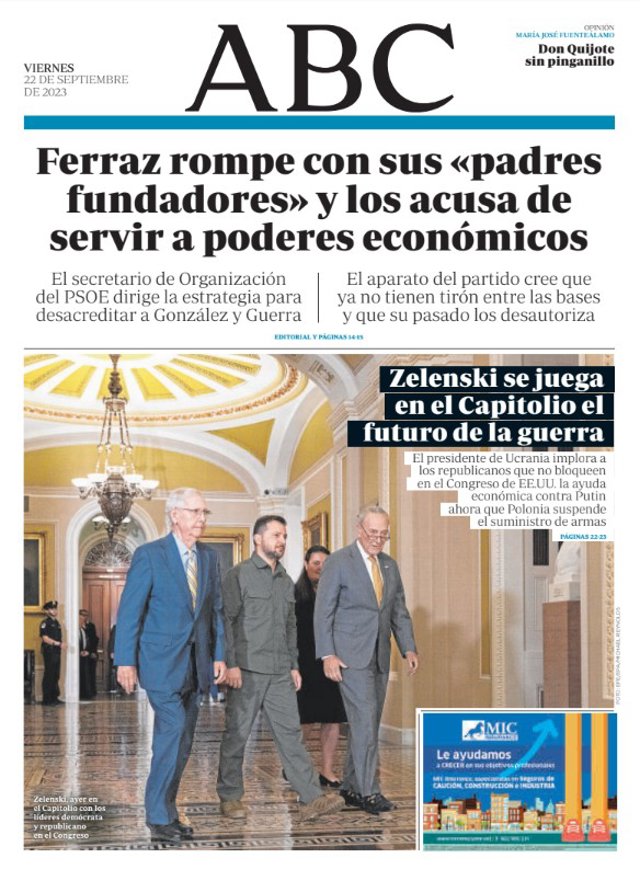 ABC: "Ferraz rompe con sus padres fundadores y los acusa de servir a poderes económicos"; "Zelenski se juega en el Capitolio el futuro de la guerra".
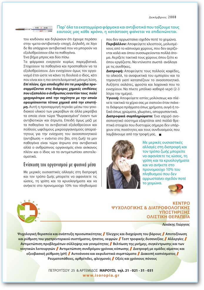 Ç áëüãéóôç ÷ñÞóç ôùí áíôéâéïôéêþí åêôüò ôïõ üôé åîáóèåíåß ôï áíïóïðïéçôéêü óýóôçìá, ðáñÜëëçëá, äçìéïõñãåß êáé «õðÝñ éïýò» ðïõ áíôéóôÝêïíôáé ìå üëï êáé ìåãáëýôåñï ðåßóìá. Ðïëëïß ãéáôñïß êñïýïõí ôïí êþäùíá ôïõ êéíäýíïõ êáé äçëþíïõí üôé Ý÷ïõìå ðåñÜóåé óôçí «ìåôá-áíôéâéïôéêÞ» åðï÷Þ. ÄçëáäÞ, óå ëßãï äå èá õðÜñ÷ïõí áíôéâéïôéêÜ ðïõ íá ìðïñïýí íá åîïëïèñåýóïõí üëá ôá ðáèïãüíá. ¸íá âÞìá ìðñïò êáé äýï ðßóù Ôá öÜñìáêá åíåñãïýí êõñßùò ðáñåìâáôéêÜ. Óôï÷åýïõí ôá ðáèïãüíá êáé ðñïóðáèïýí íá ôá åîïëïèñåýóïõí. Äåí åíéó÷ýïõí üìùò ôïí ïñãáíéóìü Ýôóé þóôå íá êÜíåé ôç äïõëåéÜ ï ßäéïò, êÜôé ðïõ åßíáé êáé ç ðéï áðïôåëåóìáôéêÞ ìüíéìç ëýóç. Åðß ðëÝïí, Ý÷åé áðïäåé÷èåß üôé ôá ìéêñüâéá ðñïóáñìüæïíôáé óôéò äéÜöïñåò ÷çìéêÝò åðéèÝóåéò ðïõ åîáðïëýåé ï Üíèñùðïò åíáíôßïí ôïõò ðïëý ãñçãïñüôåñá áðü ôçí ôá÷ýôçôá ìå ôçí ïðïßá åöåõñßóêïíôáé ôÝôïéá ÷çìéêÜ áðü ôçí åðéóôÞìç. ÁõôÞ ç ðñïóáñìïãÞ ðåñíÜåé ìÝóù ôïõ ãïíéäéáêïý õëéêïý ôùí ìéêñïâßùí óå Üëëá ìéêñüâéá ôá ïðïßá åßíáé ôþñá "èùñáêéóìÝíá" Ýíáíôé ôùí áíôéâéïôéêþí êáé Üôñùôá. ÅðåéäÞ üìùò ìáæß ìå ôá ðáèïãüíá ôá áíôéâéïôéêÜ åîïëïèñåýïõí êáé ðïëëïýò ùöÝëéìïõò ìéêñïïñãáíéóìïýò áðáñáßôçôïõò ãéá ôçí åíßó÷õóç ôïõ áíïóïðïéçôéêïý (áíôéâßùóç = åíÜíôéá óôï âßï, óôç æùÞ) ôá ìåí ðáèïãüíá åßíáé ôþñá Üôñùôá óôá áíôéâéïôéêÜ áëëÜ ï áíèñþðéíïò ïñãáíéóìüò åßíáé áíßêáíïò ðëÝïí êáé ï ßäéïò íá ôá áíôéìåôùðßóåé áðïôåëåóìáôéêÜ. Åíßó÷õóç ôïõ ïñãáíéóìïý ìå öõóéêÜ ìÝóá Ìå ìåñéêÝò ïõóéáóôéêÝò áëëáãÝò óôç äéáôñïöÞ êáé ôïí ôñüðï æùÞò ìðïñåßôå íá áöáíßóåôå ôéò éþóåéò, ôç ãñßðç êáé ôá êñõïëïãÞìáôá êáé íá áíÞêåôå óôï ðñïíïìéïý÷ï 10% ôïõ ðëçèõóìïý ðïõ äåí áññùóôáßíåé ó÷åäüí ðïôÝ ôï ÷åéìþíá. ÐåñéâÜëëïí: Áðïöåýãåôå êëåéóôïýò, ìïëõóìÝíïõò áðü ôï êÜðíéóìá ÷þñïõò, ðïõ äåí áåñßæïíôáé êáëÜ êáé üðïõ óõóóùñåýïíôáé ðïëëÜ Üôïìá. Áåñßæåôå ôáêôéêÜ ôïõò ÷þñïõò üðïõ æåßôå êé üðïõ åñãÜæåóôå. Íá íôýíåóôå óùóôÜ áíÜëïãá ìå ôéò óõíèÞêåò. ÄéáôñïöÞ: Áðïöåýãåôå ôïõò ðïëëïýò êáöÝäåò, ôï áëêïüë, ôá áíáøõêôéêÜ ôïõ åìðïñßïõ êáé ôá ôçãáíçôÜ ãéáôß êáôáðéÝæïõí ôï áíïóïðïéçôéêü. ÁõîÞóôå óáëÜôåò, öñïýôá êáé ëá÷áíéêÜ ðïõ ôï åíéó÷ýïõí. Íá ðßíåôå ìðüëéêï êáèáñü íåñü (2-3 ëßôñá ôçí çìÝñá). ÕãéåéíÞ: Áðïöåýãåôå åóôßåò ìïëýíóåùò êáé ðëÝíåôå ôáêôéêÜ ôá ÷Ýñéá óáò ìå óáðïýíé üôáí ðéÜíåôå äéÜöïñá ðñÜãìáôá üðùò ÷ñÞìáôá, áõãÜ Þ ôïîéêÜ üðùò ÷ñþìáôá, ÷ëùñßíåò, áðïññõðáíôéêÜ. ÄéáôñïöéêÜ óõìðëçñþìáôá: ¸íá éó÷õñü áíïóïðïéçôéêü óýóôçìá åîáñôÜôáé áðü ðïëëÜ èñåðôéêÜ óôïé÷åßá ðïõ äõóôõ÷þò óÞìåñá äåí õðÜñ÷ïõí óôéò ðïóüôçôåò êáé ôïõò óõíäõáóìïýò ðïõ ëáìâÜíïõìå áðü ôçí ôñïöÞ ìáò. * *ÑùôÞóôå ôïí ïñèïìïñéáêü äéáôñïöïëüãï óáò. |
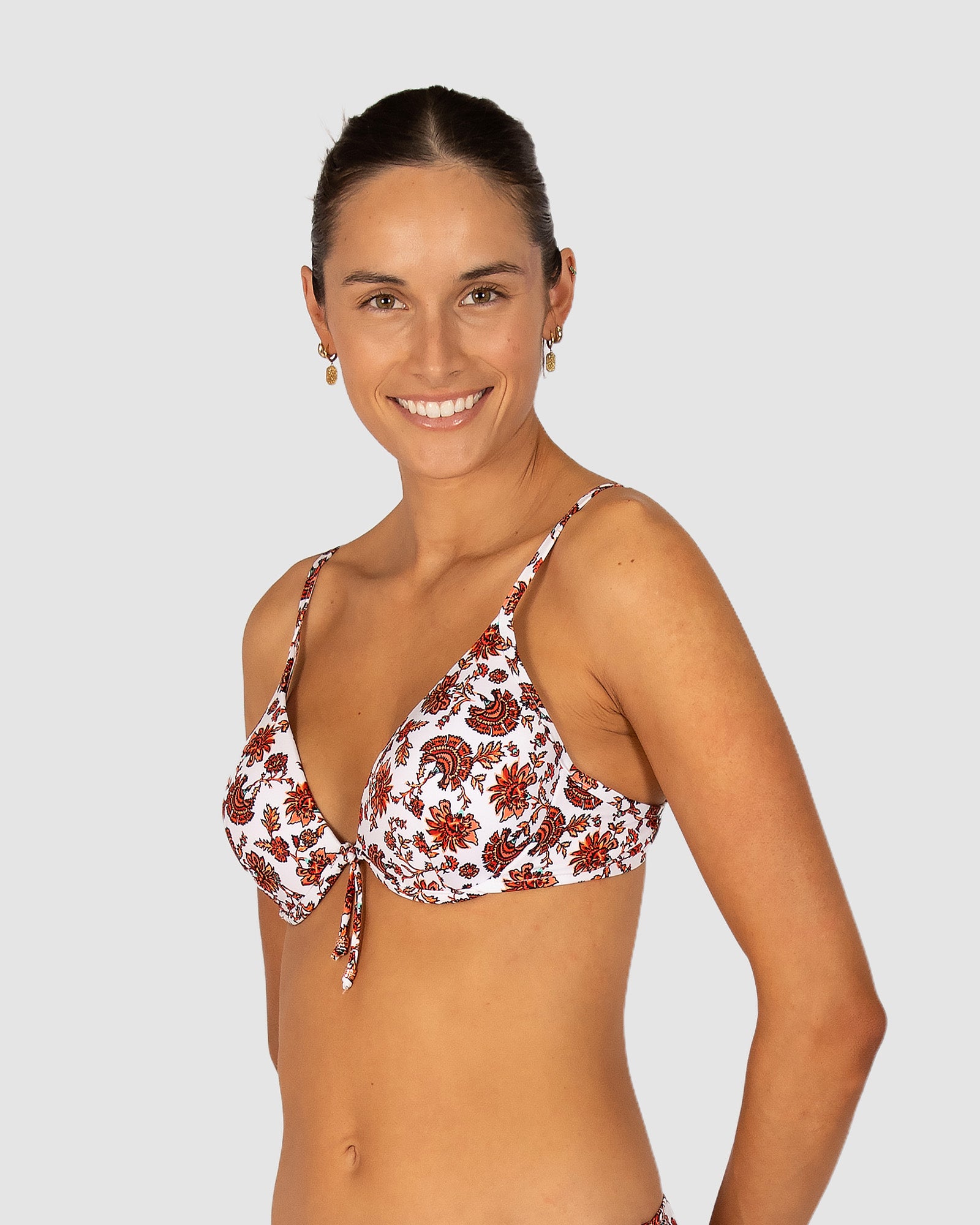 The Flamenco Booster Bra is designed with moulded underwire cups and offers versatility with removable booster pads, allowing for a multi-cup fit that adapts to your preference. Its convenient clip back ensures both support and ease, making it a comfortable and adjustable choice.
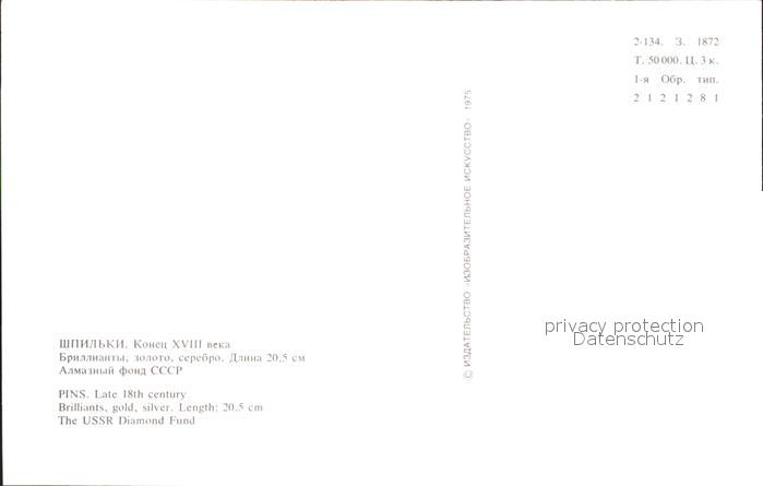 72356962 Schmuck Pins 18th century USSR Diamond Fund KatCode 22320000000100
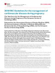 European Heart Journal (2018) 00, 1–83 doi:10.1093/eurheartj/ehy340 ESC GUIDELINES 2018 ESC Guidelines for the management of cardiovascular diseases during pregnancy The Task Force for the Management of Cardiovascular Diseases during Pregnancy of the European Society of Cardiology (ESC) Endorsed by: the International Society of Gender Medicine (IGM), the German Institute of Gender in Medicine (DGesGM), the European Society of Anaesthesiology (ESA), and the European Society of Gynecology (ESG) Authors/Task Force Members: Vera Regitz-Zagrosek* (Chairperson) (Germany), Jolien W. Roos-Hesselink* (Co-Chairperson) (The Netherlands), Johann Bauersachs ! (Czech (Germany), Carina Blomström-Lundqvist (Sweden), Renata C!ıfkova Republic), Michele De Bonis (Italy), Bernard Iung (France), Mark Richard Johnson (UK), Ulrich Kintscher (Germany), Peter Kranke1 (Germany), Irene Marthe Lang (Austria), Joao Morais (Portugal), Petronella G. Pieper (The Netherlands), Patrizia Presbitero (Italy), Susanna Price (UK), Giuseppe M. C. Rosano (UK/Italy), Ute Seeland (Germany), Tommaso Simoncini2 (Italy), Lorna Swan (UK), Carole A. Warnes (USA) * Corresponding authors. Vera Regitz-Zagrosek, Charité Universitaetsmedizin Berlin, Institute for Gender in Medicine, CCR, DZHK, partner site Berlin, Hessische Str 3-4, 10115 Berlin, Germany, Tel: þ49 30 450 525 288, Fax: þ49 30 450 7 525 288, E-mail: vera.regitz-zagrosek@charite.de. Jolien W. Roos-Hesselink, Department of Cardiology, Erasmus Medical Center Rotterdam, Dr Molewaterplein 40, 3015CGD, Rotterdam, Netherlands, Tel: þ31 10 7032432, E-mail: j.roos@erasmusmc.nl ESC Committee for Practice Guidelines (CPG) and National Cardiac Societies document reviewers: listed in the Appendix. 1 Representing the European Society of Anaesthesiology (ESA) 2 Representing the European Society of Gynecology (ESG) ESC entities having participated in the development of this document: Associations: Acute Cardiovascular Care Association (ACCA), European Association of Cardiovascular Imaging (EACVI), European Association of Percutaneous Cardiovascular Interventions (EAPCI), European Heart Rhythm Association (EHRA), Heart Failure Association (HFA). Councils: Council on Cardiovascular Nursing and Allied Professions, Council on Cardiovascular Primary Care, Council on Hypertension, Council on Valvular Heart Disease. Working Groups: Aorta and Peripheral Vascular Diseases, Cardiovascular Pharmacotherapy, Cardiovascular Surgery, Grown-up Congenital Heart Disease, Myocardial and Pericardial Diseases, Pulmonary Circulation and Right Ventricular Function, Thrombosis. The content of these European Society of Cardiology (ESC) Guidelines has been published for personal and educational use only. No commercial use is authorized. No part of the ESC Guidelines may be translated or reproduced in any form without written permission from the ESC. Permission can be obtained upon submission of a written request to Oxford University Press, the publisher of the European Heart Journal and the party authorized to handle such permissions on behalf of the ESC (journals.permissions@oxfordjournals.org). Disclaimer. The ESC Guidelines represent the views of the ESC and were produced after careful consideration of the scientific and medical knowledge and the evidence available at the time of their dating. The ESC is not responsible in the event of any contradiction, discrepancy and/or ambiguity between the ESC Guidelines and any other official recommendations or guidelines issued by the relevant public health authorities, in particular in relation to good use of health care or therapeutic strategies. Health professionals are encouraged to take the ESC Guidelines fully into account when exercising their clinical judgment as well as in the determination and the implementation of preventive, diagnostic or therapeutic medical strategies. However, the ESC Guidelines do not override in any way whatsoever the individual responsibility of health professionals to make appropriate and accurate decisions in consideration of each patient’s health condition and in consultation with that patient and the patient’s caregiver where appropriate and/or necessary. Nor do the ESC Guidelines exempt health professionals from taking careful and full consideration of the relevant official updated recommendations or guidelines issued by the competent public health authorities in order to manage each patient’s case in light of the scientifically accepted data pursuant to their respective ethical and professional obligations. It is also the health professional’s responsibility to verify the applicable rules and regulations relating to drugs and medical devices at the time of prescription. C The European Society of Cardiology and The European Society of Hypertension 2018. All rights reserved. For permissions please email: journals.permissions@oup.com. V Downloaded from https://academic.oup.com/eurheartj/advance-article-abstract/doi/10.1093/eurheartj/ehy340/5078465 by guest on 25 August 2018 ESC Guidelines 2 Document Reviewers: Christi Deaton (CPG Review Coordinator) (UK), Iain A. Simpson (CPG Review Coordinator) (UK), Victor Aboyans (France), Stefan Agewall (Norway), Emanuele Barbato (Italy), Pavel Calda2 (Czech Republic), Antonio Coca (Spain), Ioan Mircea Coman (Romania), Julie De Backer (Belgium), Victoria Delgado (The Netherlands), Giovanni Di Salvo (UK), Samantha Fitzsimmons (UK), Donna Fitzsimons (UK), Madalina Garbi (UK), Sofie Gevaert (Belgium), Gerhard Hindricks (Germany), Guillaume Jondeau (France), Jolanda Kluin (The Netherlands), Christos Lionis (Greece), Theresa A. McDonagh (UK), Pascal Meier (UK/Switzerland), Philip Moons (Belgium), Antonis Pantazis (UK), Massimo Francesco Piepoli (Italy), Bianca Rocca (Italy), Marco Roffi (Switzerland), Stephan Rosenkranz (Germany), Andrea Sarkozy (Belgium), Evgeny Shlyakhto (Russia), Candice K. Silversides (Canada), Karen Sliwa (South Africa), Miguel Sousa-Uva (Portugal), Juan Tamargo (Spa

**********

- [ACTION ITEM]: Repeat only the stretch of data above that runs from the line with "The Flamenco Booster" to the line with "72356962 Schmuck Pins". Keep both end lines; exclude pictures.

- [TASK ANSWER]:
 The Flamenco Booster Bra is designed with moulded underwire cups and offers versatility with removable booster pads, allowing for a multi-cup fit that adapts to your preference. Its convenient clip back ensures both support and ease, making it a comfortable and adjustable choice.
 72356962 Schmuck Pins 18th century USSR Diamond Fund KatCode 22320000000100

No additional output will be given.